A New Jersey appeals court has ruled that an anti-harassment clause in Valley National Bank's ethics code could give rise to a breach-of-contract suit by an employee who says she was bullied by her boss.

The appeals court revived Angela Maselli's suit claiming the bank breached promises in its code of conduct. The bank argued it had no contractual obligations, but the text of a disclaimer relied on by the bank does not unambiguously disavow a binding contract to abide by the code, the two-judge panel ruled in Maselli v. Valley National Bancorp. The panel reversed the decision of the motion judge to dismiss the case.

Maselli claims the bank took no action when her supervisor bullied and mistreated her, prompting her to take medical leave and then transfer to another department. She lost her job when her new department, but not the previous one, underwent downsizing.

While she concedes she was an at-will employee, Maselli claims the bank's breach of its code caused her loss of employment.

Valley National, in a motion to dismiss in lieu of an answer, cites a disclaimer at the beginning of its 18-page code of conduct, which said in part, “No employee or agent of Valley National Bank is authorized to make any oral or written representations altering the at-will employment relationship unless made the subject of a specific written contract of employment.” The disclaimer also said, “It should be noted that nothing contained in this Valley Code of Conduct and Ethics or in any policy or work rule of Valley shall constitute a contract of employment or a contract or agreement for a definite or specified term of employment.”

The motion judge dismissed the case after determining the disclaimer was sufficiently prominent, appearing on the first substantive page of the code, set off in a separate paragraph, and introduced by a bold title.

But on appeal, Judges Mitchel Ostrer and Lisa Rose ruled that the title of the disclaimer, “employment is at will,” did not clearly describe the content of the disclaimer. The appeals court also ruled that the text of the disclaimer “does not unambiguously disavow a binding contract to abide by the code.”

The appeals court noted the New Jersey Supreme Court's 1985 decision Woolley v. Hoffmann-La Roche held that an implied promise in an employment manual that an employee may be fired only for cause may be enforceable when the employment term is indefinite.

The Woolley court then said an employer's disclaimer of obligations could be effective but it must be prominent and clear.

The appeals court in Maselli said the bank's disclaimer “does not expressly and unqualifiedly disavow the creation of a contract.” It “denies the creation of a 'contract of employment,'” it said.

According to Ostrer and Rose, by contending that the disclaimer disavows any contractual relationship, the bank interprets the words “of employment” to mean “related to employment in any way.”

But a reasonable employee might conclude that a “contract of employment” means a “contract to employ,” disclaiming any promise of job security or termination only for cause, Ostrer and Rose said.

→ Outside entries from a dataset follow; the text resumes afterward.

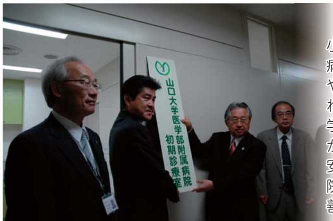
初期診療室の入口に看板を設置

さらに、今後、医師（助教）3名は美祿市立病院で、山口大学の医学生や研修医に対し、地域医療や初期診療の指導も行う予定となっています。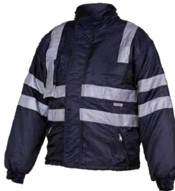
Casaca Térmica - Polar interno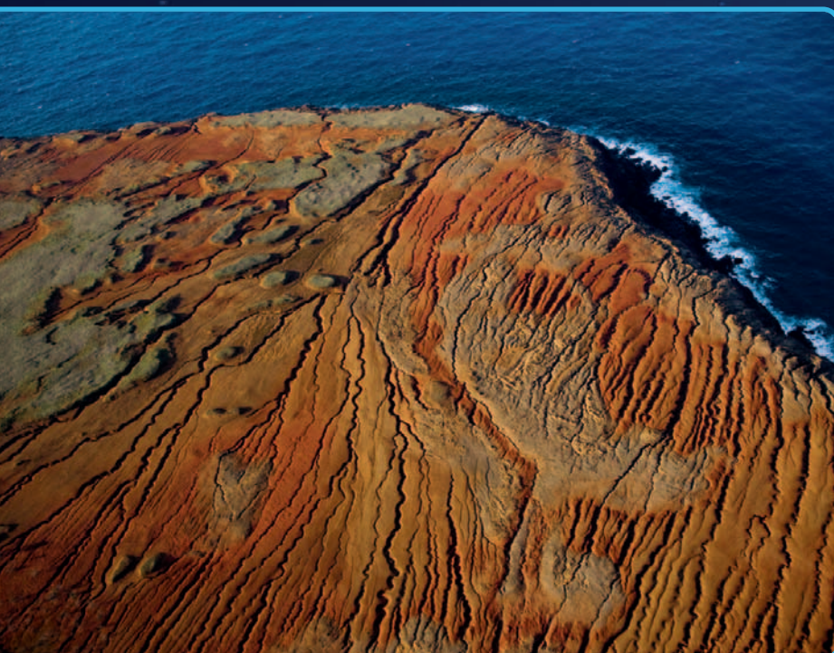
Brise-glace Louis-Saint-Laurent dans Resolute Bay, Territoire du Nunavut, Canada (74°42' N - 95°18' O).

Une prise de conscience, liée à la force de conviction et à l'émotion suscitée par les images de Yann Arthus-Bertrand. Si j'en crois le succès du livre La Terre vue du ciel , le degré de sensibilisation du public sera exceptionnel quant à l'état de la planète et à la nécessité d'agir à l'échelle individuelle et collective. L'idée est vraiment de faire en sorte que les gens bougent.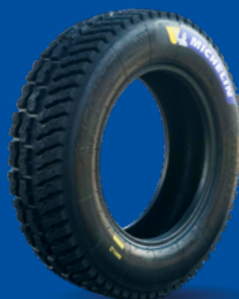
X-ICE NORTH 3

Since the meaning of the disclaimer is ambiguous, the issue of its effectiveness is reserved for a jury, but dismissal based on the disclaimer was not called for at such an early stage, Ostrer and Rose said.

Michael Harwin, the Fair Lawn, New Jersey, lawyer who represented Maselli, said the ruling would give guidance to courts hearing cases involving at-will employees where an employer has failed to follow its own handbook.

“I think it's a good case that clarifies the law. If you're an at-will employee, they can terminate you, but they still have to follow the handbook,” said Harwin.

Christina Stoneburner of Fox Rothschild in Morristown, New Jersey, who represented Valley National Bank, did not return a call. Marc Piro, a spokesman for the bank, said its policy is to not comment on litigation.